Additionally, agentic AI automates or optimizes many processes that were beyond the reach of traditional automation because they required judgment or adaptation. This opens the door to redesigning workflows and exploring new service models that use autonomous agents to better compete in the market.

Applications of agentic AI

Because it autonomously handles decisions and adapts to change, agentic AI has a broad range of applications across industries. Below are some examples:

Customer service and support

One of the most visible use cases is in customer engagement. Agentic AI–powered virtual assistants and chatbots manage customer inquiries, troubleshoot problems, and execute service requests without human intervention. These agents maintain context over long conversations, personalize their responses, and escalate to human agents when necessary. 

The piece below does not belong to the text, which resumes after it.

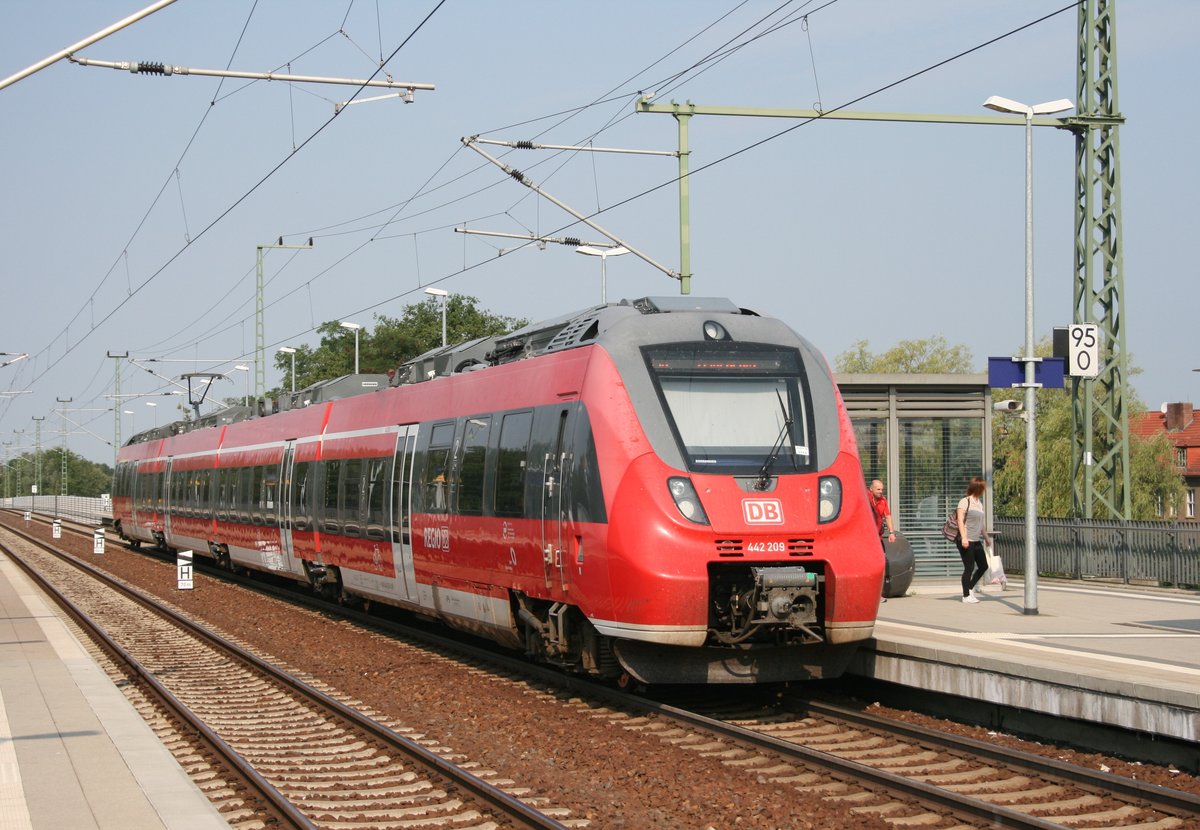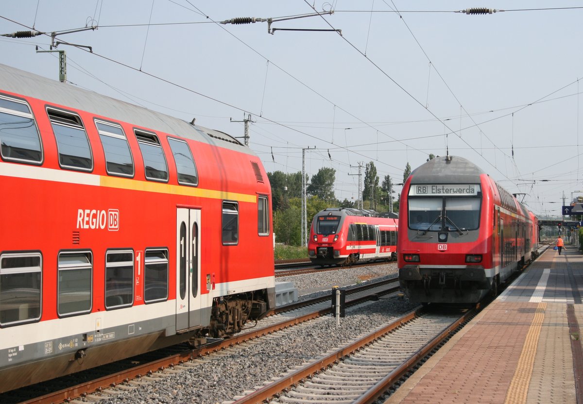 Hochbetrieb in Elsterwerda am 12.08.2015 (v.l.n.r.): Steuerwagen des RE 18312 (Elsterwerda–Stralsund Hbf), 442 151 als RB 28961 (Elsterwerda-Biehla–Dresden Hbf), Steuerwagen der RB 17163 (Elsterwerda–Mittweida) Gustav Richard

For example, a banking virtual agent could guide a customer through securing a loan, or an e-commerce AI assistant might handle returns and refunds autonomously. By operating continuously and learning from each interaction, such AI agents reduce wait times and improve service quality for customers. They effectively act as tireless customer support reps that adapt to each customer’s needs.

Supply chain and logistics

In industries where timing and efficiency are important, agentic AI optimizes operations in real time. Logistics agents analyze large volumes of data, such as tracking shipments, traffic conditions, inventory levels, and demand forecasts, and then decide to route deliveries or adjust inventory allocations on the fly. 

For instance, if an unexpected delay occurs at a shipping port, an autonomous supply chain agent could proactively reroute trucks or find alternate suppliers to prevent running out of stock. These agents continuously re-optimize routes and schedules as new data comes in, improving reliability and reducing costs. As Harvard Business Review noted, an AI supply-chain specialist could dynamically optimize inventories in response to real-time demand fluctuations, something that traditionally required teams of humans to manage. Agentic AI helps make supply chains more responsive and resilient.

Finance and trading

Financial services benefit from agentic AI through intelligent agents that monitor market conditions, execute trades, and manage portfolios. An autonomous trading agent makes split-second decisions based on streaming market data, taking advantage of opportunities or hedging risks much faster than a human trader could. Similarly, agents in personal finance apps might analyze a user’s income and spending patterns to adjust budgets or recommend investments autonomously. In banking, agentic AI could underwrite loans by evaluating risk factors from vast data sources, all while adapting to new regulatory rules or economic changes. By taking advantage of real-time data analysis and predefined risk constraints, these AI agents aim to improve returns and reduce human error in financial decision-making. They effectively act as diligent financial analysts working around the clock.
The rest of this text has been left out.